# 55 gallon setup



## iz513 (Jun 24, 2009)

I have some cichilds right now that are very tiny and need to be moved soon. 

Right Now= Ten Gallon = 2 firemouths 2 green severums 2 cory cats
Nobody is pickin on anybody accept for one of the small firemouths and he still gets food. 
my filtration is amazing actually two times the size of my tank 

trying to find a 55 gallon and the cories will stay in my ten gallon

1. so what can i put with these cichlids in the 55?
2. if i decided to put a couple live plants mayb three or four would i need c02?


----------



## Guest (Jun 24, 2009)

i take it they are all juvies right now? once the cichlids grow up, they will probably kill the corys. 

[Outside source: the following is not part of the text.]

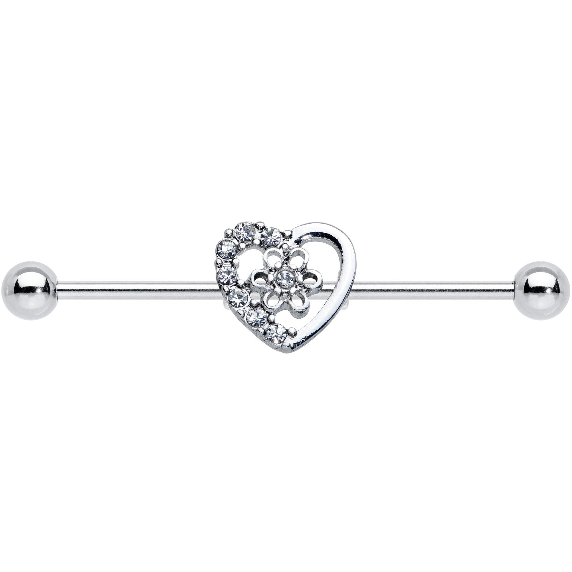 14 Gauge Clear Gem Floral Hollow Heart Industrial Barbell 38mm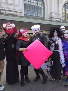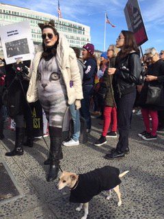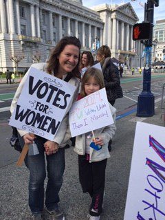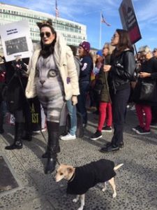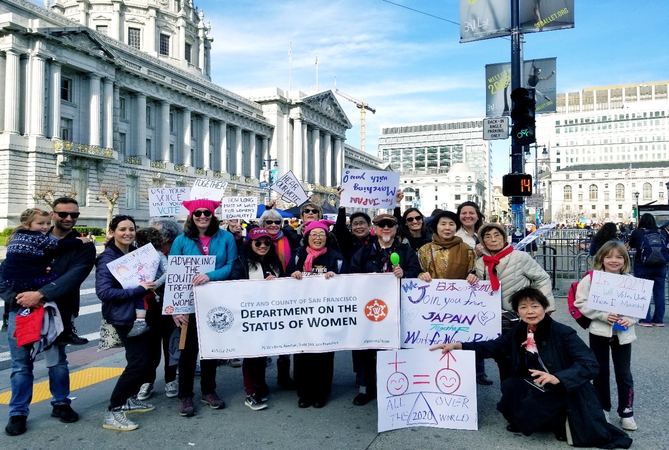 そろそろ出発か。青空が美しい。音楽があちこちで奏でられる。踊りが始まる。派手、派手衣装の一団はゲイ・ピープルだという。手づくりのプラカードが動く。男性の参加者も多い。子連れもたくさんいる。犬といっしょの参加も多い。犬をおんぶしている女性もいる。車椅子も。年齢も人種も千差万別ながら、切羽詰まったデモという感じではなく、挨拶しながら、写真を撮りながら、笑いながら、余裕で、誰もがお互いを気づかいながら、ゆっくり歩く。ハイキングみたいだなって感じです。「日本から参加しています。女性の力を示そう」というプラカードをみてメディアから「こっちを向いてください」とフラッシュを浴びることが何度もありました。私たちは、あらかじめ*NPO「Department on the Status of Women(サンフランシスコ女性の地位部局)でプラカードの作成などをさせてもらい、一緒に参加させてもらいました。ディレクター、ミリー・M・ムラセさんからこの写真を送ってもらいました。

honestly, i think that combination could be too much in a 55. it depends on your filtration and water change scheudle... and the sexes of the cichlids. if the FM's or sevs pair up that tank will soon become a fishy-hell!


----------



## iz513 (Jun 24, 2009)

ya i understand i know all that stuff and ya the cories will stay in the ten and ill just wait and see what these guys do i think the firemouts are both mails (crap) and one severum is a male idk with those fish which can i put in the 55 and put with other fish and yes they are all around 1-2 inches and its so short term its like a holding tank but well decorated and yes we will over filter the 55 i do that with all my tanks right now my 20g with one jack dempsey has a fifty five gallon hang on and its crystal clear and no bad a,n,n


the sexes i can certainly not be sure about but they all pick on one firemouth and he still gets food but they all get along for now lol ive done my research and hav had experience i know what will happen if they stay together in the ten but i hav many tanks so they all dont have to go in the 55 i was jw


----------



## Oldman (May 25, 2009)

About all you will have room for in a 55 gallon with those cichlids is water. The tank will be fully stocked with just the severums when they reach their adult size. My daughter has been breeding her severums in a 90 gallon and uses another tank, a 55, to grow them to an inch long so she can sell them off.


----------